The maid nodded in response. Her lips leapt into a smile. Coco removed her coat and glasses and, with a kneading effort of her feet, her shoes. Then, sitting on the edge of the bed, she allowed her head to be set back on the pillow. She flinched a little in bringing her legs round.

She had never felt so exhausted. Seeing the dead birds had depressed her. Her stomach churned. Why did she have to confront this on her one day off? She needed rest before returning to work tomorrow. And there were a hundred things she had to do. She’d barely completed the spring collection, and already she was being pressed to submit designs for the summer. The pressure was on. Every year it seemed to get worse. Her mind busied itself with the following week’s schedule, the details merging in an impossible knot. Her head began to throb, and a tension entered her shoulders. She felt the blood run sluggishly to her fingers and her toes.

She closed her eyes and allowed herself to recollect those months she spent with Stravinsky in her villa. The century’s greatest composer living with its most celebrated couturière and perfumer. Who would have guessed it back then? Who would believe it now?

Slowly the tendrilous threads of her current worries un-ravelled, giving way to memories of sunlight and birdsong, and the recreated spasms of a piano. Its rhythms melted imperceptibly into the rhythms of her breathing as she slid into a dream-filled unconsciousness and succumbed to a deeper sleep.

An hour later, she awoke feeling a sharp star of pain in the centre of her chest. The pain spread rapidly to crowd her arms. It pressed down from above upon her skull. Fear seized her body. Her mind filled with alarm. She glanced about. She saw first the white walls of her room, then the table by her bed. A glass of water rested there next to a white-shaded lamp and a triple icon – a present given to her by Stravinsky half a century before.

The white walls. The bedside table. The icon. In panic, Coco tried to orient herself from these reference points. Still she felt displaced.

Abruptly something tilted within her.
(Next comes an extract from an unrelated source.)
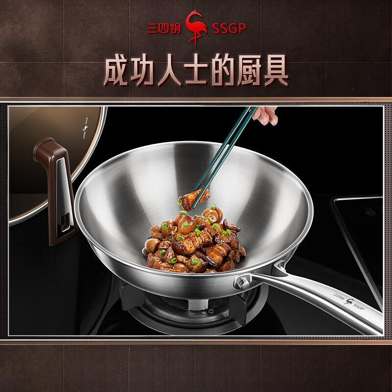 3 개의 4 개의 강철 식품 등급 316L 스테인레스 스틸 팬 코팅되지 않은 프라이팬 가정용 유도 밥솥 프라이팬 라운드 바닥 비 스틱 팬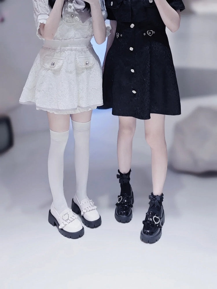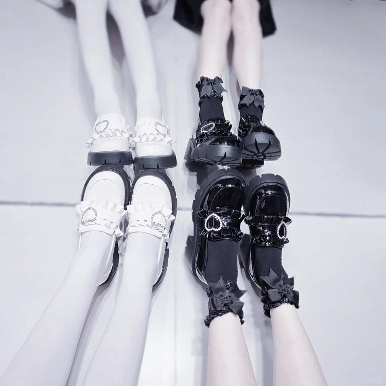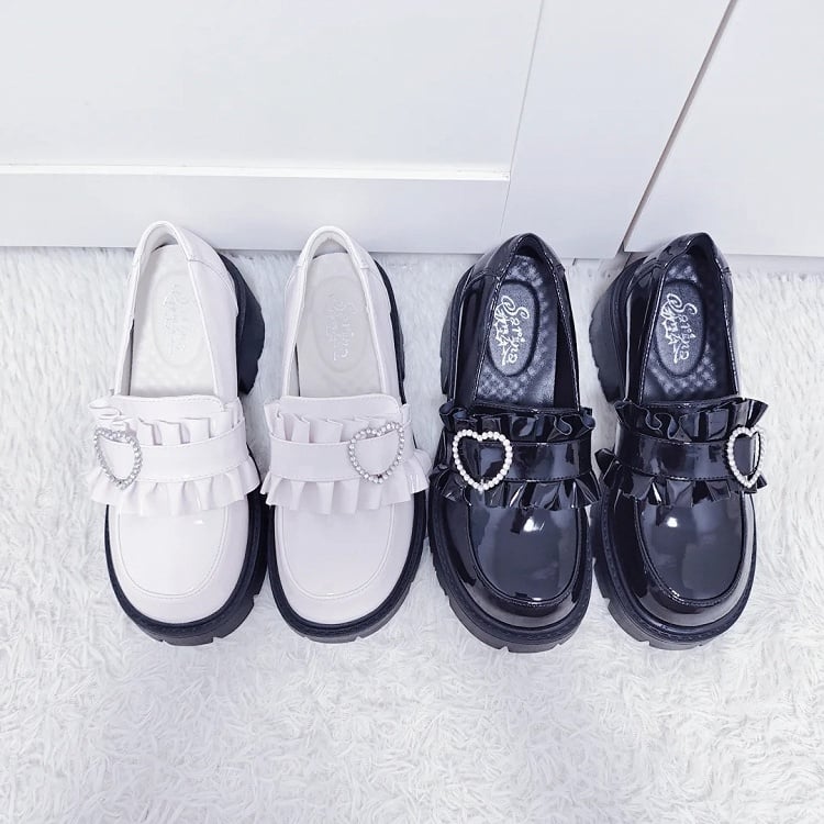 6.5cm White Chunky with Sweetheart Detail Kei Platform Heel Loafers Beaded Jirai

Her eyes took on a wild expression. A surge of panic filled her head.

‘Lift me up quick!’ she called to the maid, who came running through from the adjoining room. A feeling of suffocation rose in her throat. ‘I can’t breathe!’ Her eyes were wide with fright. Her voice in her own ears sounded disembodied. As though they were responsible for choking her, she pulled at the white pearls strung around her neck. Then unpreventably the room began to spin, whirling in a vertiginous blur. Suddenly covered in sweat, her skin gave off a sharp scent of agitation. The spokes of her irises seemed to form wheels.
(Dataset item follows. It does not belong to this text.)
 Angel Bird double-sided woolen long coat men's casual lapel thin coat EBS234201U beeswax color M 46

Céline grabbed a syringe and with difficulty broke open a phial of Sedol. ‘It’s all right, I’m here, now. Everything will be fine.’
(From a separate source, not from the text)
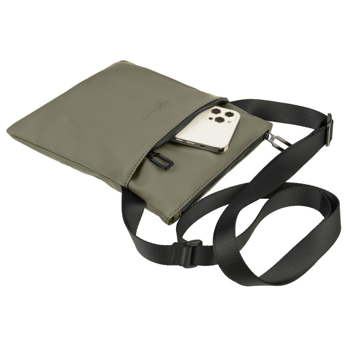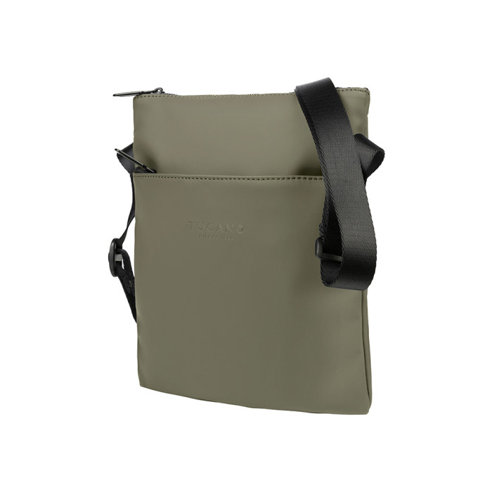 Компактна повсякденна сумка через плече Tucano Gommo Shoulder Bag. Сумка через плече Gommo Shoulder Bag тонка, має зовнішню кишеньку для аксесуарів і регульований плечовий ремінець. Матеріал сумки виготовлено з прогумованого матеріалу, а також внутрішньою системою захисту від радіо-випромінювання і здатна запропонувати значний захист від електромагнітних хвиль, які випромінюють смартфони.

Coco’s eyes were drawn to a corner of the room. Her body drained of colour. Her fingers lost their responsiveness. A high note penetrated her ears. ‘They’re killing me!’ she managed, with a half-silent scream.

At that instant, she felt something irrevocable fit itself around her. And in the split-second before the shape of her death took hold, as the last swatches of oxygen escaped around her brain, a million images processed themselves on a palpitating membrane at the back of her eye.

It all came with the vividness of a mirror, the diffused brilliance of a dream. And in this final clarity she recalled how he looked as he bent to kiss her, remembered sharply his dark eyes.

She mumbled, ‘So this is it!’

Then she fell through into silence. Her face lost its shape. Around her, all she could see was darkness. Everything went blank.

Too late, Céline held the syringe fast against Coco’s arm. Gently she set it down. With a calmness that surprised her, she closed Coco’s eyes.